Saturday, December 16, 2023

45 Days Of CCS, #16: Ria "Air" Garcia and Annabel Driussi


Ria "Air" Garcia has been making boldly experimental art for well over a decade, blending abstract and psychedelic art into a variety of dark fantasy scenarios that center around trans issues. Her latest comic, Dark Piss, chucks any pretense of subtlety out the window and instead zeroes in on brutal, pitch-black, hilarious satire regarding the status of trans women in the current culture. With text on the left side of the page and abstract, undulating lines (all in yellow on black, befitting the theme) on the right side, Garcia details a ludicrous yet conceptually plausible scenario where all of the self-described "hot trans bitches" must use a single bathroom in the city to piss in. All of the trans women agree with this measure because otherwise, there's a risk that cis people might get grossed out. Things escalate from there, as they all note they are treated as objects: objects of scorn & loathing as well as objects of (hidden, shameful) desire. The end sequence, where it's revealed just why they are all forced to go to a single building, is screamingly funny and terrible all at once. The abstract art is a reflection of how the women are seen: as signifiers of a particular, objectifying, point of view. 

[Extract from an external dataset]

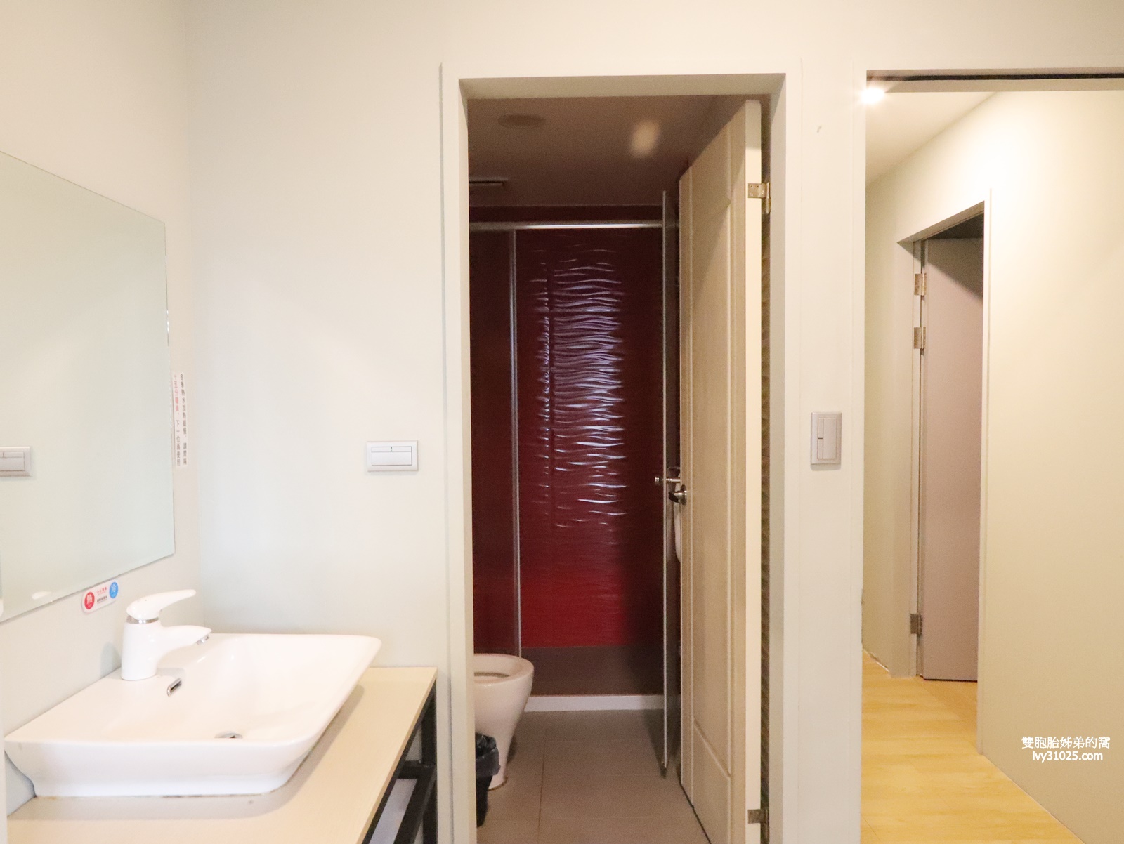 盥洗間整理很乾淨的讓客人使用,尤其今年暑假大家都猛往宜花東地區旅遊,如果要出遊花蓮,記得先提前預約M.house旅宿悠~~,也可CHECK IN 後,將行李放置一樓行李寄放區後,再帶小朋友前往遠雄海洋公園去暢玩一天後回來休息,只要開車20分鐘就抵達M.house旅宿,超方便,或是到花蓮最大的觀光夜市-東大門夜市逛逛~~

Annabel Driussi's field of expertise is neuroscience, but they've done a wide variety of comics and in different styles, from using clay to create fumetti to comics about sex to memoir and now a middle-grade graphic novel incorporating neuroscience into a teen girl's difficult life. That book, still in progress, will be titled Your Brain is Better. I read a mini that was part of her thesis package that's mostly thumbnails, and Driussi displayed an ability to blend fine details of neuroscience and neuroanatomy in a way that's easy to understand and attached to a character narrative. Following a middle-school girl named Kat who has trouble understanding why she loses her temper so easily, she's transported inside her brain, where she meets a cute avatar of the pre-frontal cortex (the thinking part of the brain) as well as "Amy," the amygdala (the feeling part of the brain). A crisis comes up (being accidentally hit by some soccer players) which puts the brain on red alert, and Driussi's clear storytelling shows just how the underdeveloped cortex can lead to the amygdala to panic. The similarity to the film Inside Out is obvious, but in this case, it's all 100% neurologically accurate while still pushing a satisfying emotional narrative. 

Driussi's at the 7/11 outside Club Q is a devastating personal memoir regarding the queer nightclub that was the subject of a hate crime shooting in 2022. In beautiful colored pencil, Driussi first notes how formative the club was for her, recalling some fond memories as well as forcing herself to deal with the aftermath of the shooting. Not all is despair--there's an account of mutual aid by trans radicals and a promise to visit. This comic is an intention, an invocation, a prayer, and the brightness of its colors feels intentional for just that very reason.